■ **TRY IT**:
In the material below, pictures must be dropped. Repeat exactly, and only, the lines from the line with "SITUAZIONE ATTUALE: una" to the line with "位点Ⅰ位于TMD区域内选择性", both ends included.

■ **THE DATA**:
--
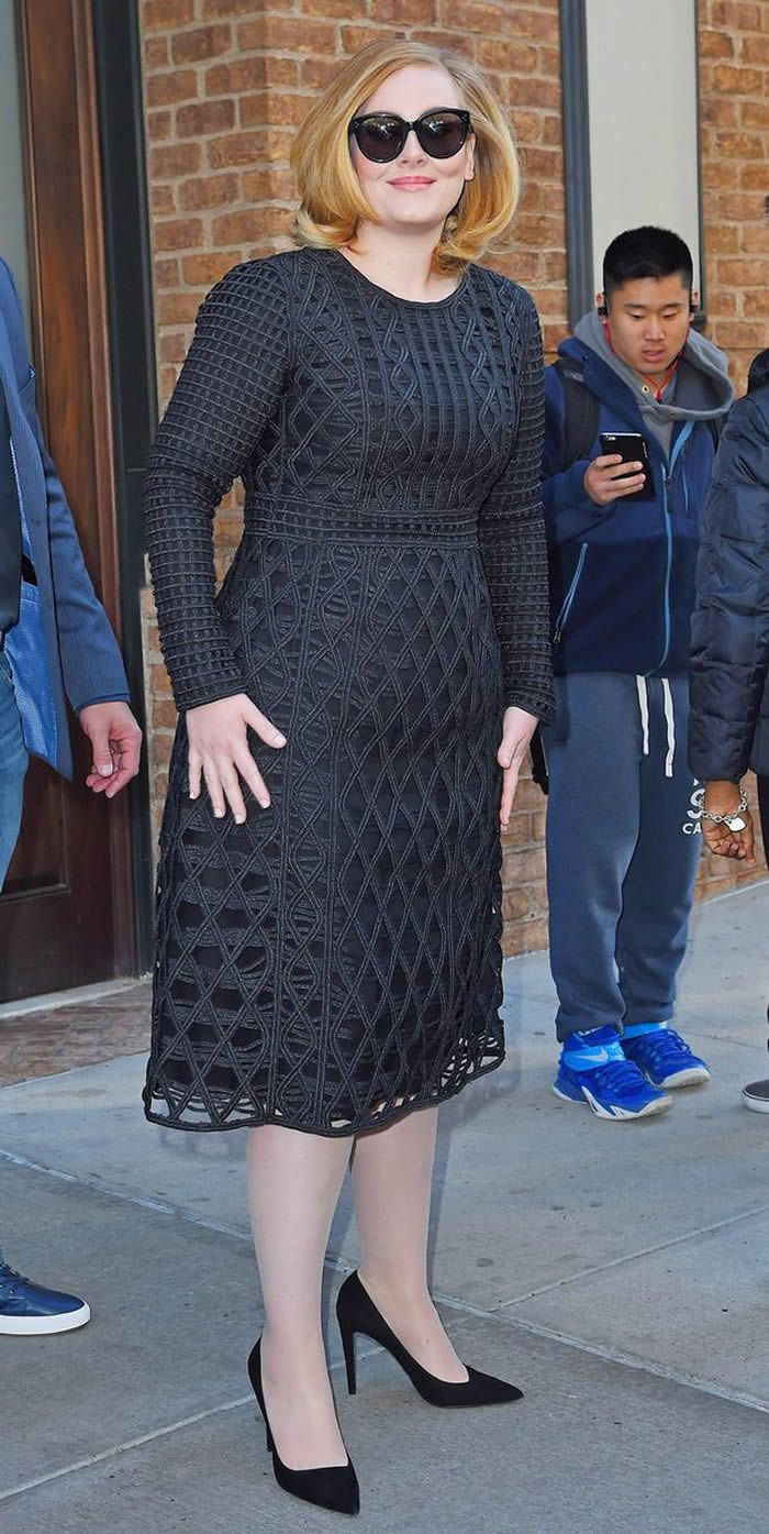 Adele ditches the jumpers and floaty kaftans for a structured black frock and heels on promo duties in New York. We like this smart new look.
--
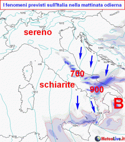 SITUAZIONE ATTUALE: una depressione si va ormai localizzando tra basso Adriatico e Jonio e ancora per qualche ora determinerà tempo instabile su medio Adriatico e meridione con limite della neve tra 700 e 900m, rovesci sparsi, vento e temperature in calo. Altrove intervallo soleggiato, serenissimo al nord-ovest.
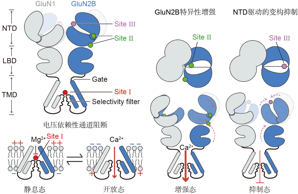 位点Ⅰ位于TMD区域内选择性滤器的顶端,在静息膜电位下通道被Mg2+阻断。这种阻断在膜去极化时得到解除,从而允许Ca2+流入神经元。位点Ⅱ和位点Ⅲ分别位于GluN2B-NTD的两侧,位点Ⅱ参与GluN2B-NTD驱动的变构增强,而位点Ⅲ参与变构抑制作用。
--
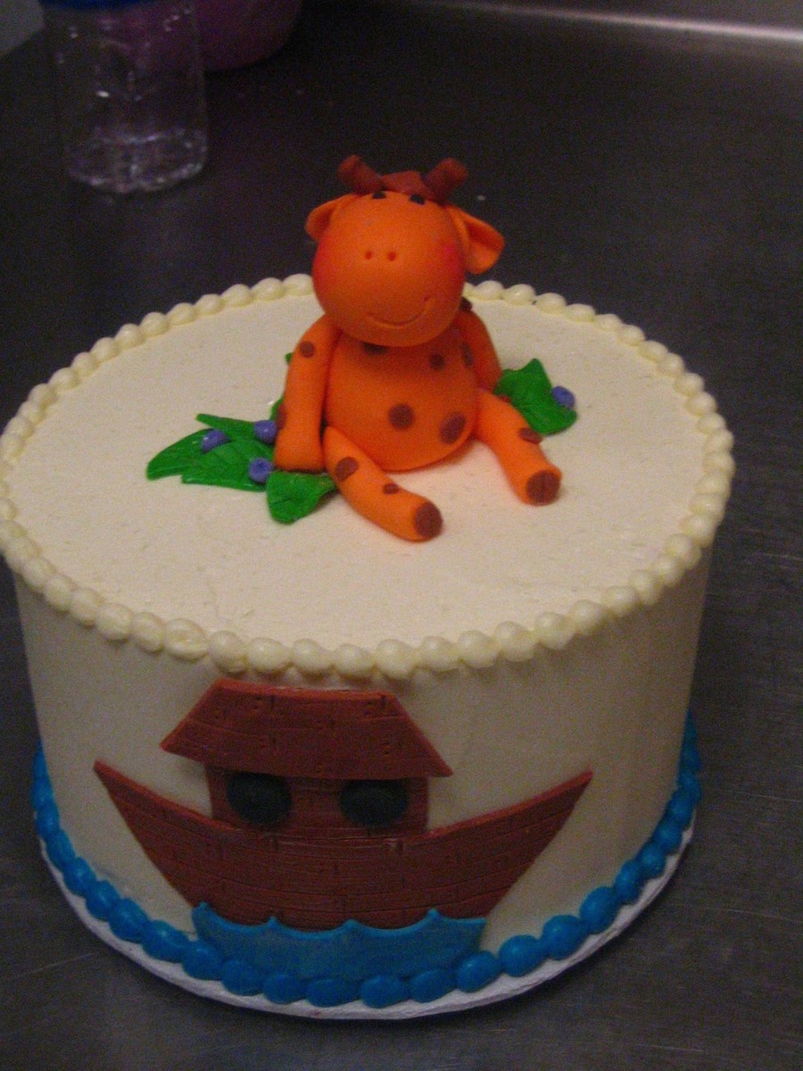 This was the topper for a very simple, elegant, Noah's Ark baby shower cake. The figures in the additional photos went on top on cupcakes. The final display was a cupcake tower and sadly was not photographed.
--
■ **EXERCISE ANSWER**:
 SITUAZIONE ATTUALE: una depressione si va ormai localizzando tra basso Adriatico e Jonio e ancora per qualche ora determinerà tempo instabile su medio Adriatico e meridione con limite della neve tra 700 e 900m, rovesci sparsi, vento e temperature in calo. Altrove intervallo soleggiato, serenissimo al nord-ovest.
 位点Ⅰ位于TMD区域内选择性滤器的顶端,在静息膜电位下通道被Mg2+阻断。这种阻断在膜去极化时得到解除,从而允许Ca2+流入神经元。位点Ⅱ和位点Ⅲ分别位于GluN2B-NTD的两侧,位点Ⅱ参与GluN2B-NTD驱动的变构增强,而位点Ⅲ参与变构抑制作用。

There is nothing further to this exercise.